Stored dataset items:

※

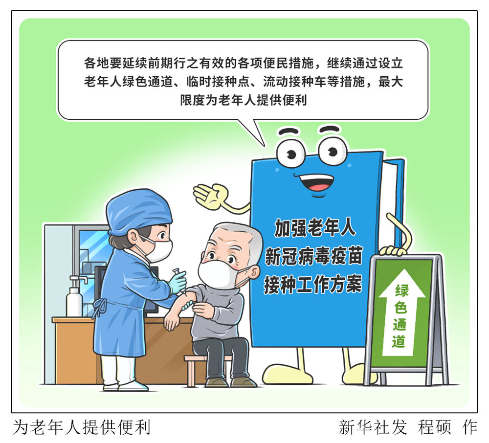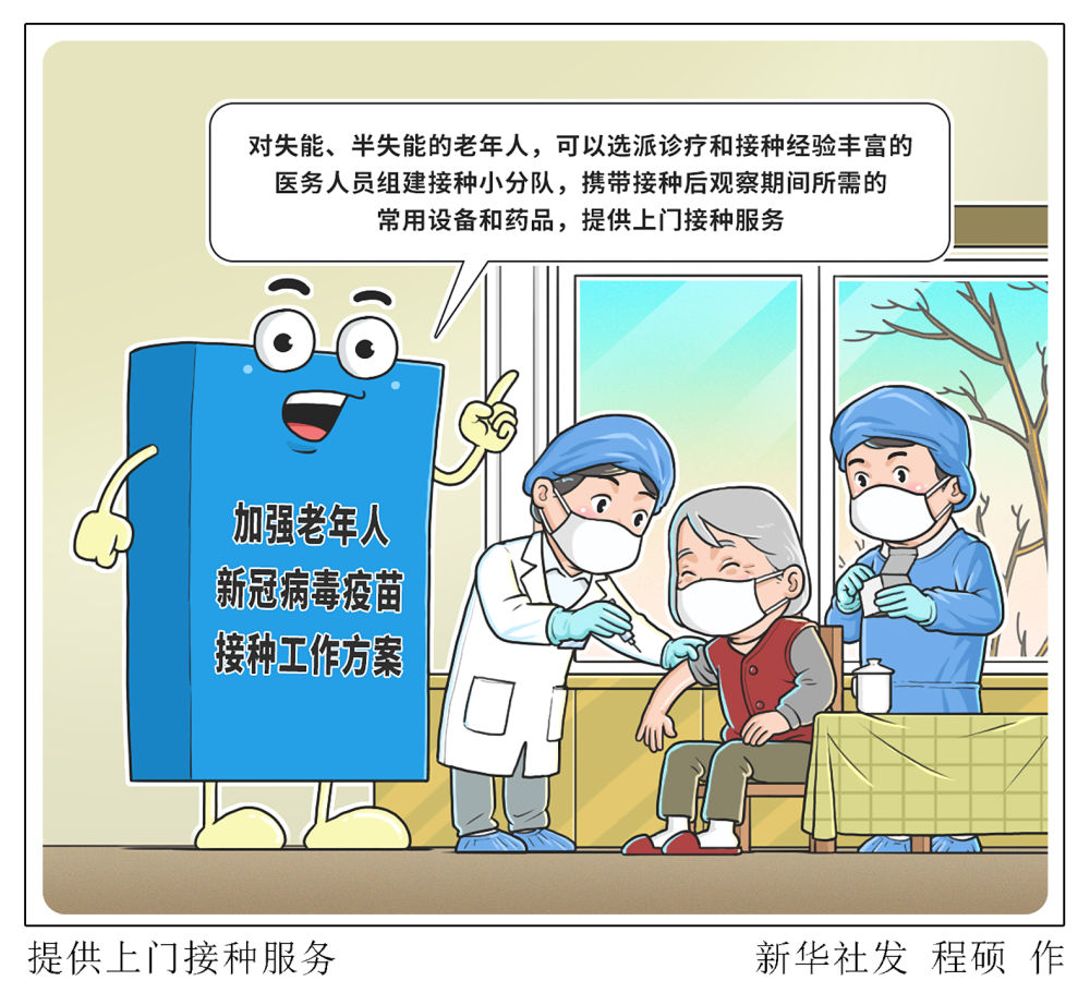 《加强老年人新冠病毒疫苗接种工作方案》明确,各地要延续前期行之有效的各项便民措施,继续通过设立老年人绿色通道、临时接种点、流动接种车等措施,最大限度为老年人提供便利。对失能、半失能的老年人,可以选派诊疗和接种经验丰富的医务人员组建接种小分队,携带接种后观察期间所需的常用设备和药品,提供上门接种服务。
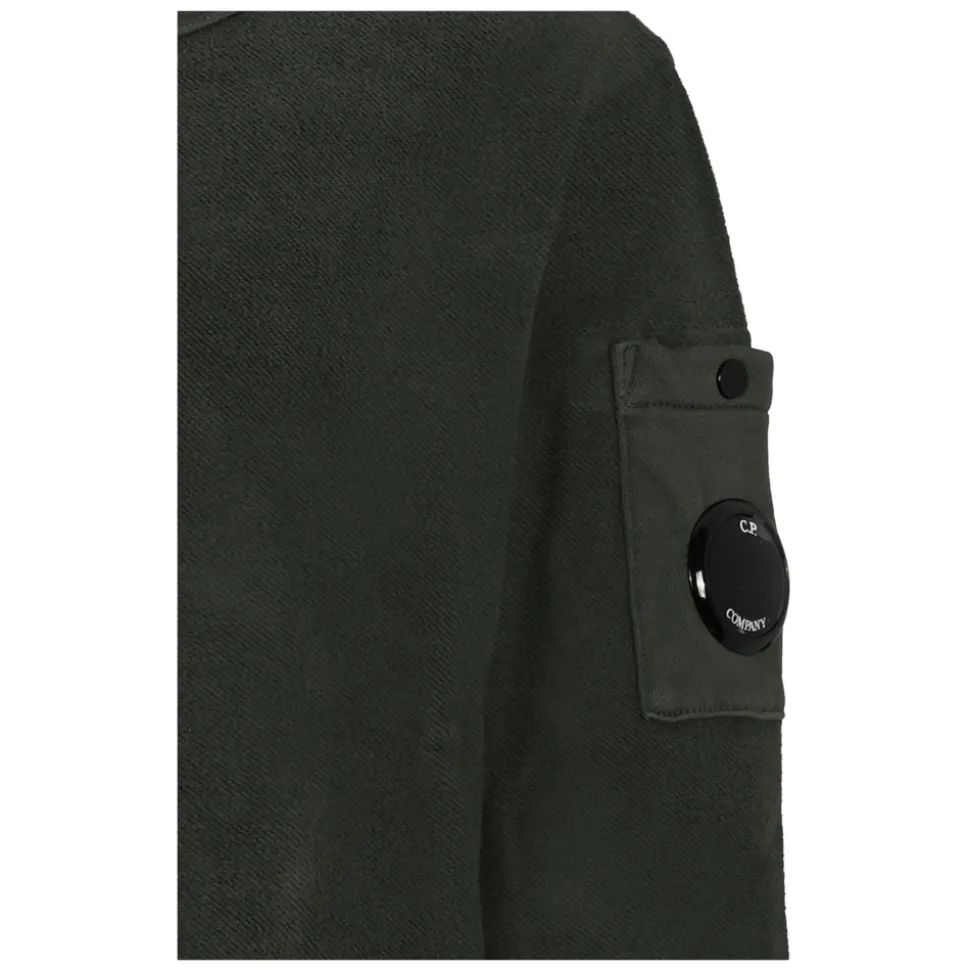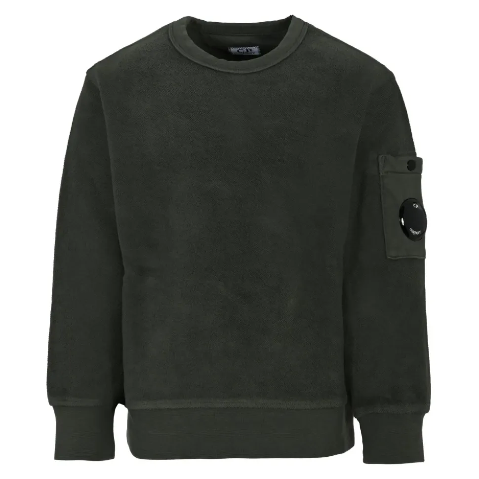 Upgrade de garderobe van je kind met deze groene C.P. Company sweatshirt. Gemaakt van zacht fleece-stof, met lange mouwen, een ronde hals, geribbelde manchetten en zoom, en een uniek knoopzakdetail op de mouw versierd met een lenslogo. Gemaakt van 100% katoen. Machinewasbaar op 30°C.
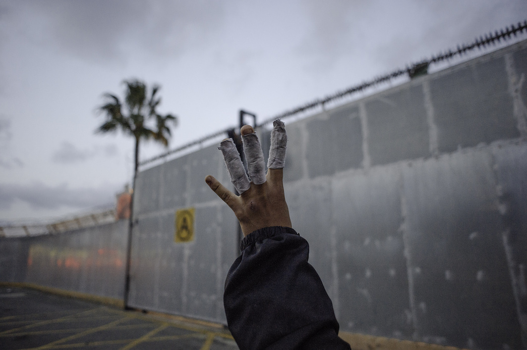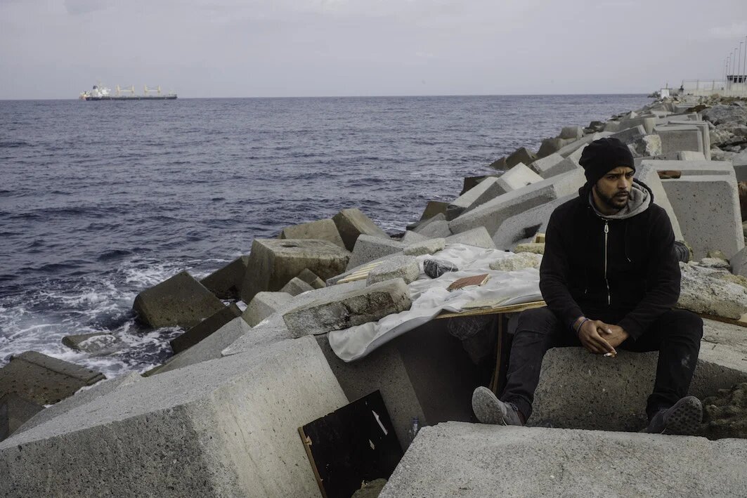 Mustafa Arafi, 26 ans, est Algérien. Marié à Katya, une Allemande, il a pourtant été expulsé du pays. Depuis un mois dans le port de Ceuta, il attend de pouvoir monter sur un ferry. Dans les blocs de béton qui font barrage à la mer, il s’est confectionné un abri pour dormir. Le 17 février 2019 .
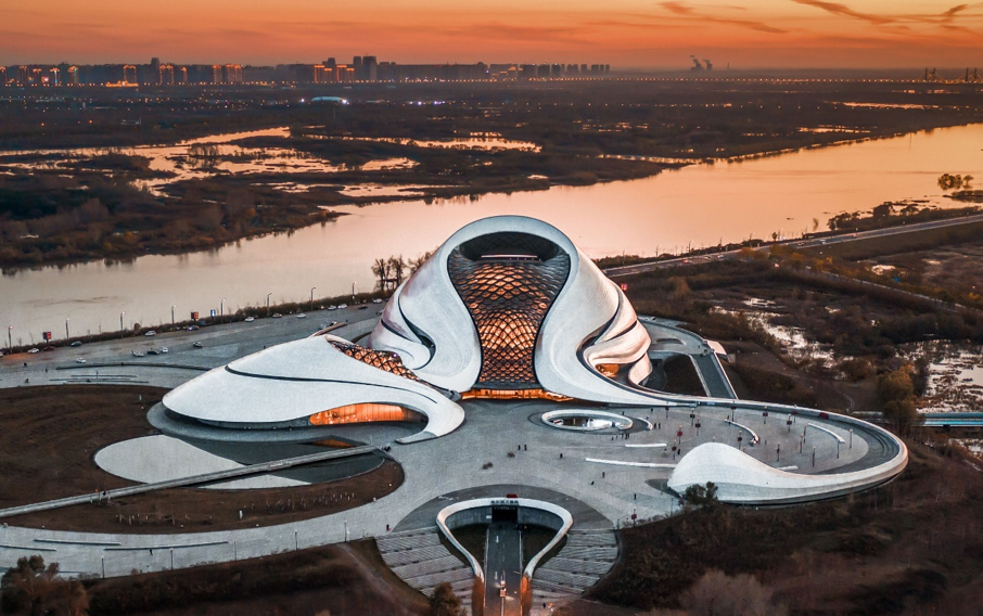 佇立松花江畔的哈爾濱大劇院,以其銀白色流線造型重塑城市天際線,成為這座音樂之城耀眼的動感符號。
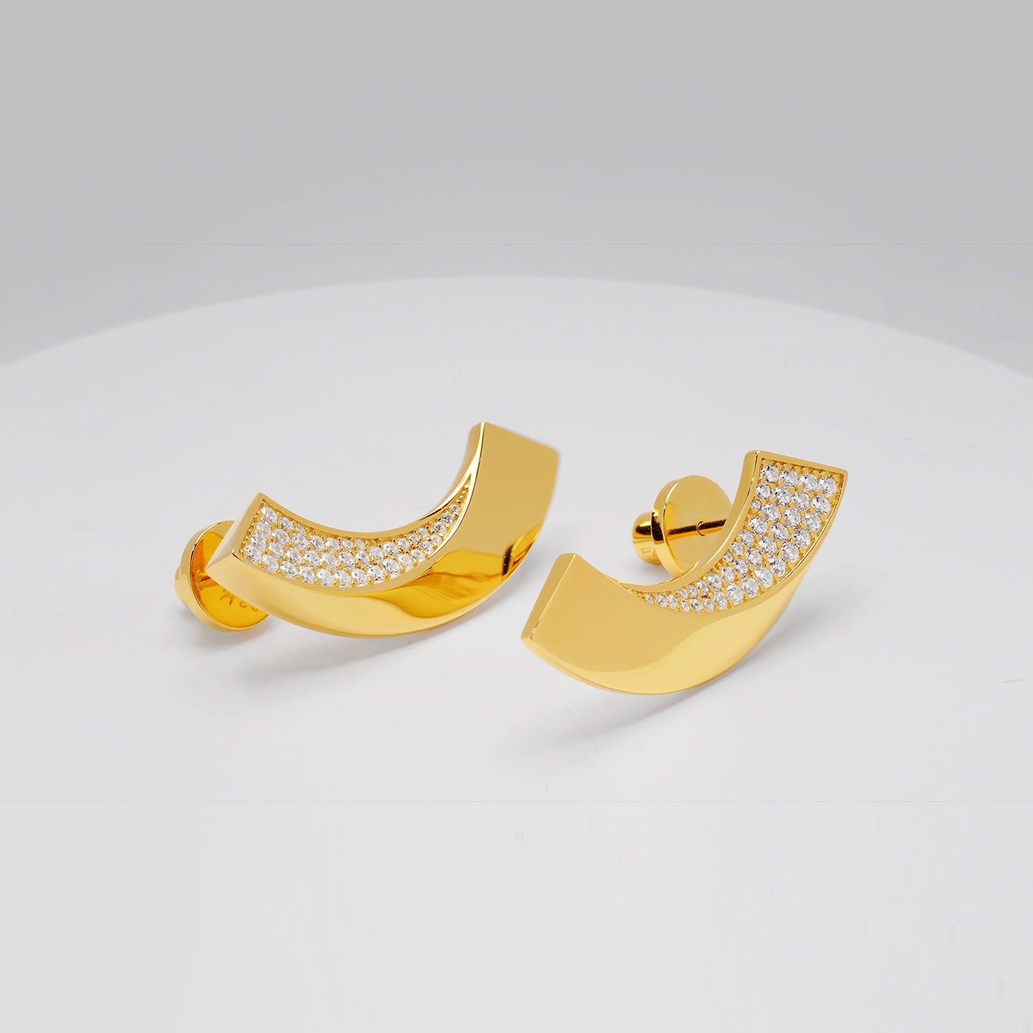 These Ribbon Drop Earrings by Meulien are a sculptural and sophisticated piece that merges elegant luxury with an artistic, cool vibe. The earrings are designed with gently curved surfaces that intertwine like ribbons, with the inner surface featuring pave-set clear cubic zirconia stones. The contrast between the highly polished metal and the sparkling stones creates a beautiful interplay of light and texture. These earrings are a perfect statement piece for those who appreciate a modern and luxurious aesthetic.

※

▸ **Task brief**: Repeat all of the records verbatim, leaving out the pictures.

▸ **Result**:
 《加强老年人新冠病毒疫苗接种工作方案》明确,各地要延续前期行之有效的各项便民措施,继续通过设立老年人绿色通道、临时接种点、流动接种车等措施,最大限度为老年人提供便利。对失能、半失能的老年人,可以选派诊疗和接种经验丰富的医务人员组建接种小分队,携带接种后观察期间所需的常用设备和药品,提供上门接种服务。
 Upgrade de garderobe van je kind met deze groene C.P. Company sweatshirt. Gemaakt van zacht fleece-stof, met lange mouwen, een ronde hals, geribbelde manchetten en zoom, en een uniek knoopzakdetail op de mouw versierd met een lenslogo. Gemaakt van 100% katoen. Machinewasbaar op 30°C.
 Mustafa Arafi, 26 ans, est Algérien. Marié à Katya, une Allemande, il a pourtant été expulsé du pays. Depuis un mois dans le port de Ceuta, il attend de pouvoir monter sur un ferry. Dans les blocs de béton qui font barrage à la mer, il s’est confectionné un abri pour dormir. Le 17 février 2019 .
 佇立松花江畔的哈爾濱大劇院,以其銀白色流線造型重塑城市天際線,成為這座音樂之城耀眼的動感符號。
 These Ribbon Drop Earrings by Meulien are a sculptural and sophisticated piece that merges elegant luxury with an artistic, cool vibe. The earrings are designed with gently curved surfaces that intertwine like ribbons, with the inner surface featuring pave-set clear cubic zirconia stones. The contrast between the highly polished metal and the sparkling stones creates a beautiful interplay of light and texture. These earrings are a perfect statement piece for those who appreciate a modern and luxurious aesthetic.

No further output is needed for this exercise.